We're melting like votive candles here in New York City, smothered by record-setting heat and humidity along with the rest of the Northeast. Too hot and exhausted to think original thoughts, the lobster and the canary will instead find refuge in the cool ideas of others.

Some recent good things that have landed in our mailbox:

* The Rod Serling Conference at Ithaca College (NY): Elena Pizarro writes to announce that this year's conference takes place September 9-10. Serling taught at Ithaca College 1967-1975; the college houses his archives. Click here for more information.

* Valerie McKenzie sends her gallery's summer newsletter (McKenzie Fine Art is on W. 25th in Manhattan). She represents some very interesting, and underrated, artists- I especially love Jim Dingilian's spectral etchings inside bottles ("Hiding Places: Memory in Art"). Click here for more.

* Pam Grossman is always cutting-edge! On her blog Phantasmaphile she finds the most interesting art with a baroque, occult and fabulistic mentality. Recently she noted the opening of the Phantasten Museum in Vienna ("visionary art/ fantastic realism/ surrealism")-- like her, Lobster & Canary want to go! For more, click here and here.

* The Boston Review's latest is out. The BR offers, besides its incisive political and investigative reporting, some of the best fiction anywhere. (With Junot Diaz as their fiction editor, how could they not?) Among other things, they published NoViolet Bulawayo's Caine Prize-winning short story last year. Click here for more.

* Aqueduct Press has launched The Cascadian Subduction Zone: A Literary Quarterly-- the third issue just arrived, and it continues this newcomer's strong debut. Kristin King's feature essay "Can Science Fiction Change the World?" should prompt thoughtful debate. Also, many good book reviews, plus suitably strange artwork by "Mr.

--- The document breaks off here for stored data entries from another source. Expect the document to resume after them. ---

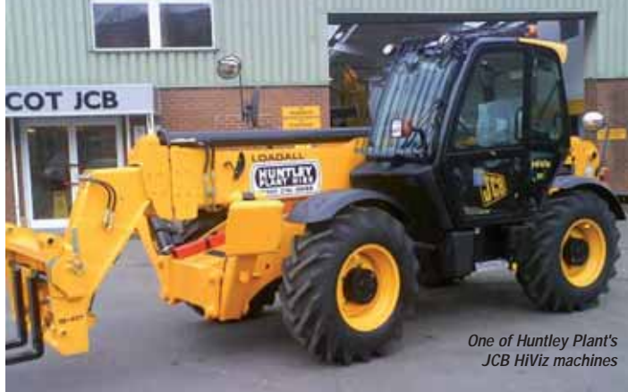
One of Huntley Plant's JCB HiViz machines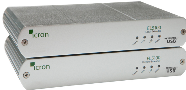
LEX (Local Extender)

The EL5100 extends both DVI and USB 2.0 up to 100m using a single Cat 5e* cable.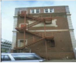
Gordon Technical College Geelong Exterior Staircase August 1995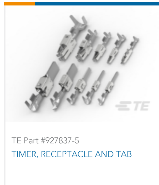
TE Part #927837-5 TIMER, RECEPTACLE AND TAB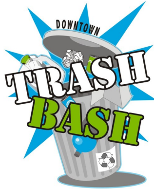
Community Clean Up Day.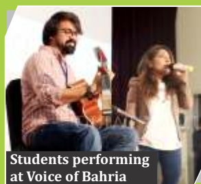
Students performing at Voice of Bahria

provinces of Pakistan. The Celebrations of the Week were ornamented with Cultural show, carnival, sport activities, E-Gaming, theatre, photography competition, Model United Nations, Voice of Bahria and Inter-University Sketch Contest. In additions to these motivational lectures and speeches were also the parts of the activities during week.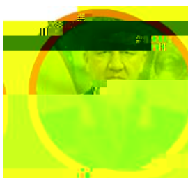
P.R. Bobojonov Minister of Internal Affairs of the Republic of Uzbekistan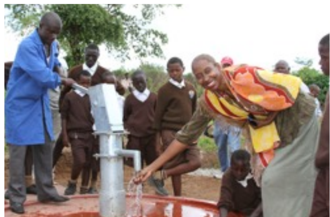
Living water ... aaahhhhh! Makueni, Kenya

2010 went by fast, didn't it? Before I knew it, I was sitting at my desk figuring out what to write to you and how to bring you up to date. Well, the biggest news is that the children finally have clean water thanks to Living Water International and our generous supporters. I flew out on Monday, November 22, 2010, arrived Tuesday evening, November 23, 2010 and pumped water for the first time on Thursday, November 25, 2010 - Thanksgiving Day. Indeed, what a day of thanksgiving it was. This was a very short stay for me, in that I had other obligations in the state and arrived back to California on December 1, 2010. Go to page 6 to see more pictures and the website for a complete report.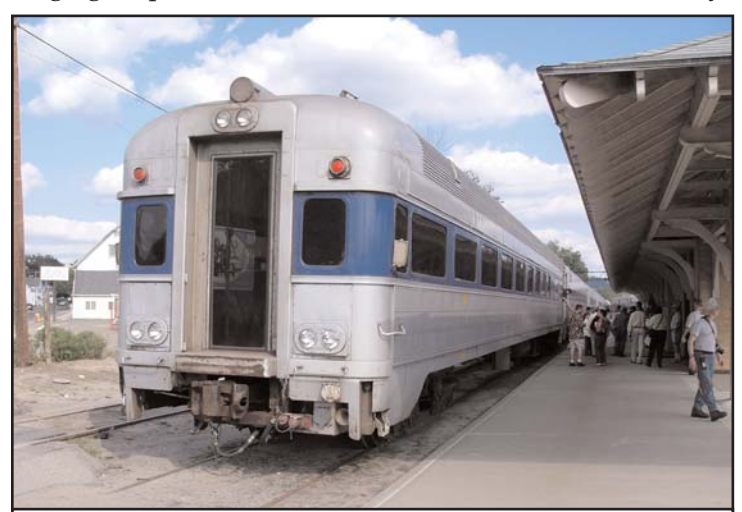
Sixty first-class passengers rode the special train in the Phoebe Snow cars. They were built by the Budd Company in 1949 for the Delaware, Lackawanna, & Western Railroad. Now they are used as Metro-North's Business/Inspection cars for senior operating management.

The DRM volunteers really enjoyed having a large group visit the Museum. The event was run very

Mead." Check it out here.

* Charity Shumway writes to announce the launch of an urban gardening & cookery site, Spade & Spatula ("growing and cooking in the city"). Great quick recipes, anecdotes, and luscious photographs of tomatoes, flowers, pie, vases... Makes us hungry for brunch. Check it out here.

* The Academy of American Poets July newsletter includes a provocative interview with Kenneth Goldsmith, who says (among other things): "The best thing about conceptual poetry is that it doesn't need to be read. You don't have to read it. As a matter of fact, you can write books, and you don't even have to read them." Click here for more.

* Omnidawn's blog continues to share generously of their writers' work. Most recently I have been struck by Christine Hume's "Self-Stalked," which starts this way: "I looked in all eight directions then spread out my tiger’s skin. Before the public mind kicked in, I surveyed an inner shore. Its facets operated on me. I lost my lights and began my midnight thus: mental feet, mental lake, little mental pines, mental mile around the muzzle." And also Aaron Shurin's "Bruja," which opens: "Alcove of the shade tree, under which they neck and whisper… and gather their tribe. She stencils the tilt of their heads from her perch on the iron bench, their dreamy eyes and smiles. Migrating neurons: It’s as if a baton streaking the air laid them bodily onto her page…" Click here for more.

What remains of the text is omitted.